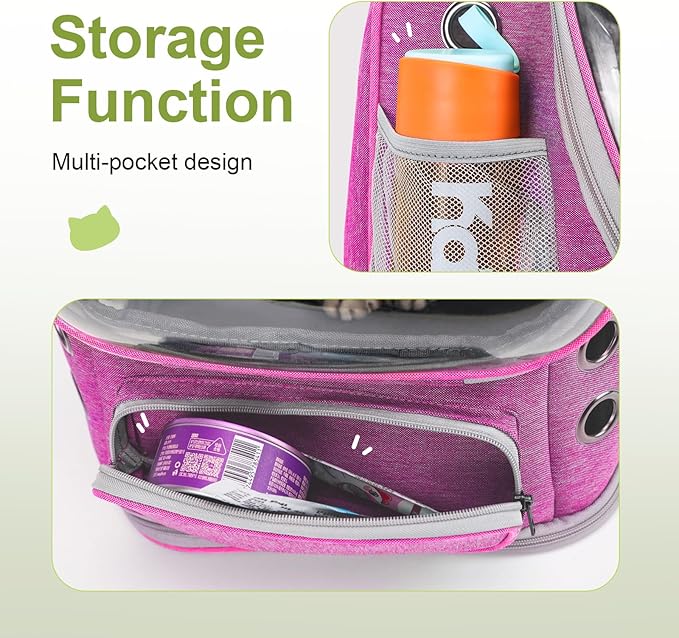 - Multi-Pocket Design: Our pet carrier backpack offers plenty of storage options for your convenience. With side pockets and hook holes, you can easily carry essentials such as treats, toys, and water bottles for your pets. The multi-pocket design allows you to organize your belongings efficiently, making outdoor adventures and trips more enjoyable.
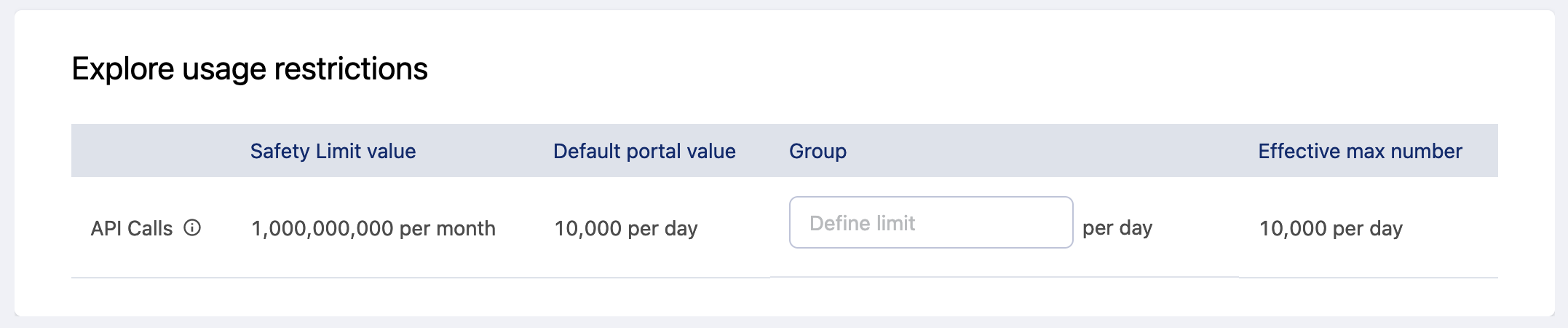 Ici, vous pouvez restreindre le nombre d'appels API pouvant être effectués par les membres d'un groupe.
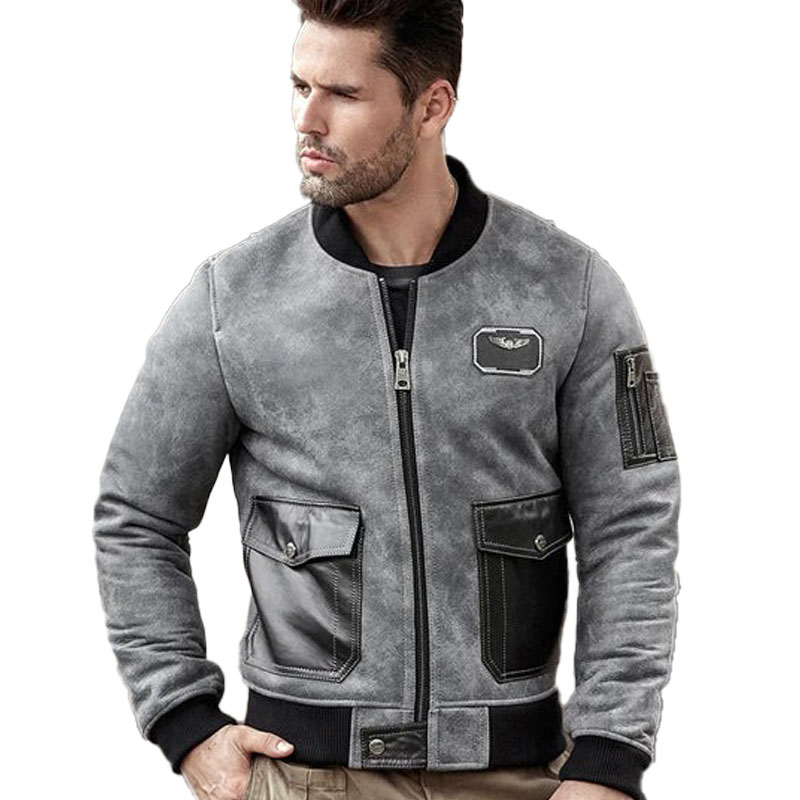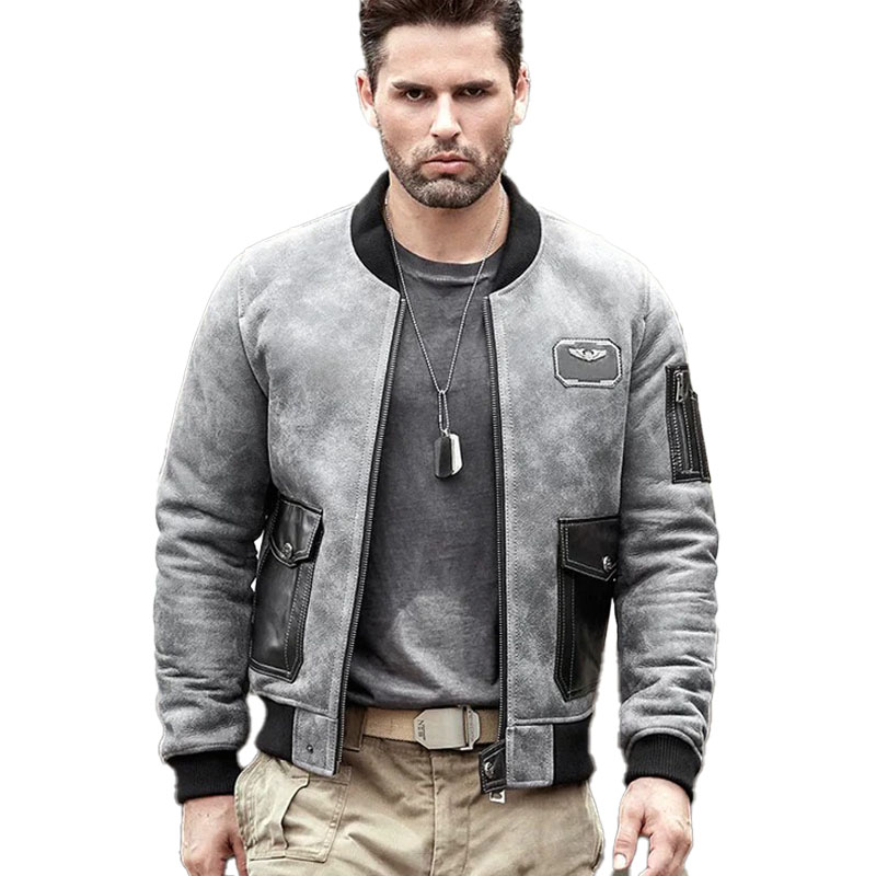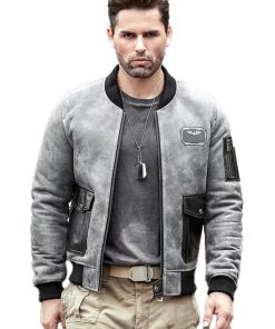 Mens Shearling Motorcycle Leather Bomber Jacket
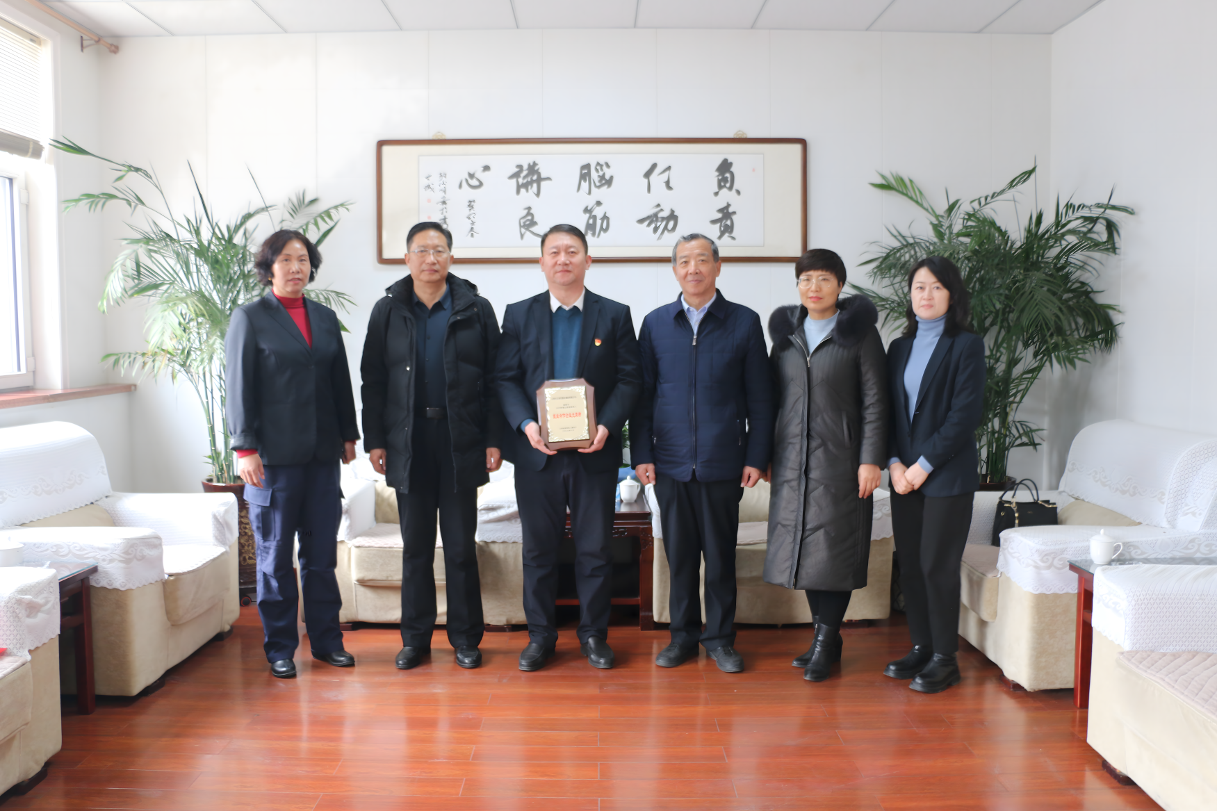 1月30日,受忻州市退役軍人事務局黨組書記、局長張耀民委托,忻州市退役軍人事務局黨組成員、副局長張培觀、四級調研員王樹康、三科科長張承香蒞臨公司,為集團公司送上由山西省退役軍人事務廳頒發(fā)的“2023年度山西退役軍人就業(yè)合作企業(yè)光榮榜”獎牌。
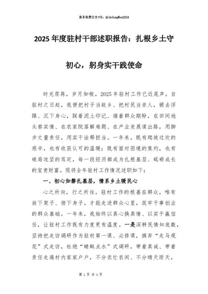 【七哥公文】2026年:2025年度驻村干部述职报告:扎根乡土守初心,躬身实干践使命+更多免费公文+VX:QiGeGongWen2024
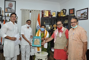 राज्यपाल सुश्री अनुसुईया उइके से आज यहां राजभवन में पूर्व मंत्री श्री चन्द्रशेखर साहू के नेतृत्व में प्रतिनिधिमण्डल ने सौजन्य मुलाकात की। उन्होंने राज्यपाल को ग्राम धमधा के कलाकारों द्वारा बनाए गए कांसे और पीतल के बर्तन और धान की बाली भेंट की। प्रतिनिधिमण्डल में पूर्व विधायक श्री लाभचंद बाफना, श्री संदीप शर्मा और श्री गौरीशंकर श्रीवास शामिल थे।
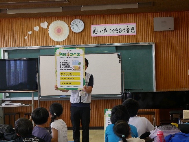 前半は「みんなで挑戦!防災クイズ」を行い、10問のクイズを3班に分かれてみんなで考えました。
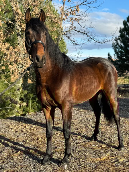 This young PRE stallion, born in January 2023, combines a compact, baroque type with expressive movements and a curious, intelligent character. He is already backed and easy to handle, a promising young horse with charisma, quality, and great potential for the future.

===============

■ **HOW TO COMPLETE THIS TASK**
From the line containing "Ici, vous pouvez" down to the last line of the entries above, retype each line exactly as it stands, but skip the pictures.

■ **OUTPUT**
 Ici, vous pouvez restreindre le nombre d'appels API pouvant être effectués par les membres d'un groupe.
 Mens Shearling Motorcycle Leather Bomber Jacket
 1月30日,受忻州市退役軍人事務局黨組書記、局長張耀民委托,忻州市退役軍人事務局黨組成員、副局長張培觀、四級調研員王樹康、三科科長張承香蒞臨公司,為集團公司送上由山西省退役軍人事務廳頒發(fā)的“2023年度山西退役軍人就業(yè)合作企業(yè)光榮榜”獎牌。
 【七哥公文】2026年:2025年度驻村干部述职报告:扎根乡土守初心,躬身实干践使命+更多免费公文+VX:QiGeGongWen2024
 राज्यपाल सुश्री अनुसुईया उइके से आज यहां राजभवन में पूर्व मंत्री श्री चन्द्रशेखर साहू के नेतृत्व में प्रतिनिधिमण्डल ने सौजन्य मुलाकात की। उन्होंने राज्यपाल को ग्राम धमधा के कलाकारों द्वारा बनाए गए कांसे और पीतल के बर्तन और धान की बाली भेंट की। प्रतिनिधिमण्डल में पूर्व विधायक श्री लाभचंद बाफना, श्री संदीप शर्मा और श्री गौरीशंकर श्रीवास शामिल थे।
 前半は「みんなで挑戦!防災クイズ」を行い、10問のクイズを3班に分かれてみんなで考えました。
 This young PRE stallion, born in January 2023, combines a compact, baroque type with expressive movements and a curious, intelligent character. He is already backed and easy to handle, a promising young horse with charisma, quality, and great potential for the future.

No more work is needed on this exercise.